Puis, je me suis jointe à l’École de commerce de l’Université de Birmingham, où je suis passée d’un contexte fortement axé sur la recherche à un environnement axé sur l’enseignement à de très grands groupes d’étudiants et donc plus difficile à concilier avec mes engagements en recherche. Et j’ai fait un burnout. Pendant mon arrêt de travail, j’ai voyagé neuf mois en sac à dos en Amérique Latine pour me questionner sur la suite de ma carrière. Cela m’a donné l’opportunité de me resourcer et de confirmer que j’aimais le milieu universitaire, la recherche appliquée et œuvrer pour changer les choses vers un monde plus juste.

À mon retour au travail, j’ai choisi des postes qui m’ont permis d’aligner à la fois la recherche et la formation avec mes valeurs et de mettre en place des initiatives afin de changer le système de l’intérieur. J’ai piloté un vaste chantier de trois ans pour la décolonisation du curriculum de l’École de commerce de Birmingham afin de repenser les modes de pensée et de faire des sciences de la gestion et du commerce. Et maintenant, compte tenu de l’urgence climatique, j’entreprends l’accompagnement de l’École vers la transformation du contenu et de la pédagogie afin que nos étudiants, qui sont les acteurs de demain, puissent mieux faire face aux défis que présentent les changements climatiques tout en tenant compte des enjeux socio-économiques existants.

Comment votre passage à l’INRS vous a-t-il préparée pour votre carrière?

J’y ai appris à travailler en interdisciplinarité. J’ai découvert la recherche engagée. Et j’ai constaté une grande ouverture. Au-delà de leurs expertise et compétences, les profs étaient des êtres humains qui nous transmettaient leur passion. C’est resté avec moi.

Quels conseils aimeriez-vous donner aux étudiantes et étudiants actuels?

Il ne faut pas craindre les parcours atypiques.

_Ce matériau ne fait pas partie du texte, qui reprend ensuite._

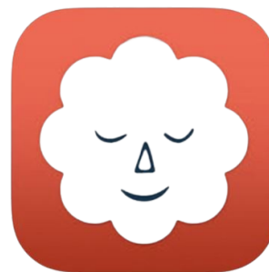
STOP BREATHE THINK

Un parcours de chercheur, ce n’est pas linéaire. Il est possible de changer de direction, mais il faut accepter que cela prenne plus de temps pour faire le détour. Il faut suivre ses valeurs et sa passion. Aujourd’hui, il y a une très grande résonance entre ce que je crois et ce que je fais et c’est moteur au jour le jour. Par moment, ce n’était pas si clair. Mais il ne faut pas avoir peur, il faut accepter les doutes et l’incertitude.

Souvent, dans le milieu universitaire, on peut penser qu’on a un plus grand impact par nos travaux de recherche, par l’avancement des connaissances, mais en fait, c’est plutôt par la formation. Ce qu’on enseigne est transformateur pour un grand nombre de personnes qui étudient pour réaliser leurs rêves. Et c’est tellement important.

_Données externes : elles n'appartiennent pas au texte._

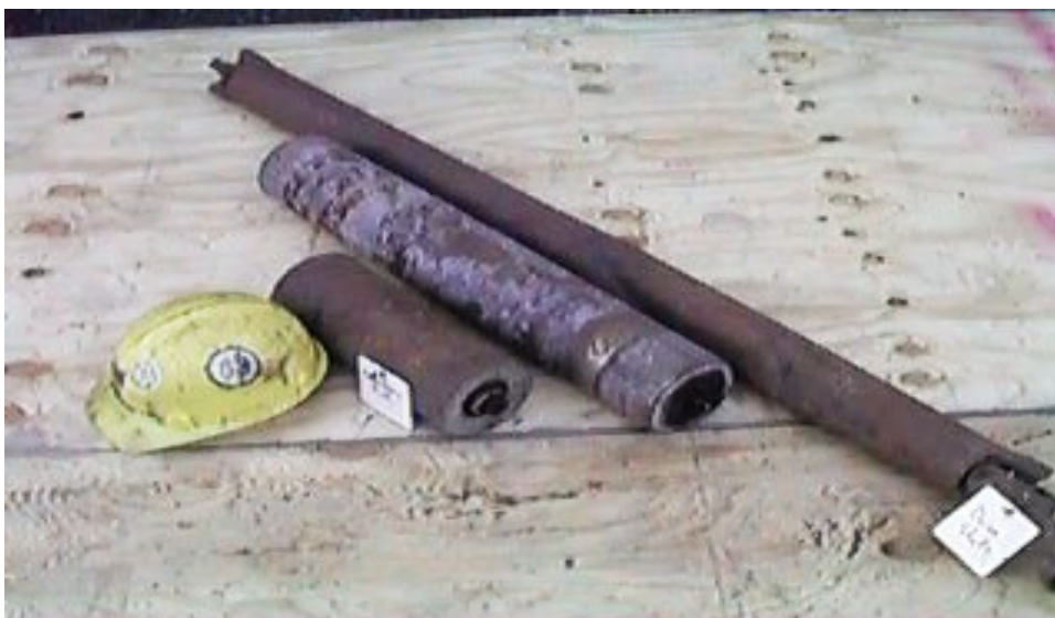
AUTO / TRUCK DRIVE SHAFTS & CONVEYOR ROLLERS

Aussi, une chose que j’aurais voulu qu’on me dise quand j’étais doctorante, c’est que ce n’est pas juste la thèse qui compte. C’est tout ce qui est autour : acquérir des compétences, réseauter, travailler avec d’autres, essayer d’autres avenues... Les gens et les nouvelles expériences nous font évoluer.

Enfin, un mot sur la santé mentale. Je crois que c’est plus facile d’en parler au Canada. À mon avis, on doit réfléchir aux attentes de performances envers les jeunes chercheurs : il faut rapidement publier, obtenir des fonds de recherche, il y a tout un discours d’excellence et de performance, etc. On valorise le fait d’être toujours super occupé. Mais, il faut faire attention et s’assurer qu’on mette son énergie là où se trouvent nos valeurs, ce qui est vraiment important pour nous, et trouver d’autres formes de reconnaissance pour être heureux et préserver son équilibre.

Quels sont vos souhaits pour l’avenir?

Mon souhait, c’est que de plus en plus de gens se mobilisent pour la planète, pour changer les choses avant qu’il ne soit trop tard. On a déjà trop attendu. Il est grand temps de mettre à profit le meilleur de ce qu’on est, que tout le monde ajoute sa pierre à l’édifice pour renverser la vapeur.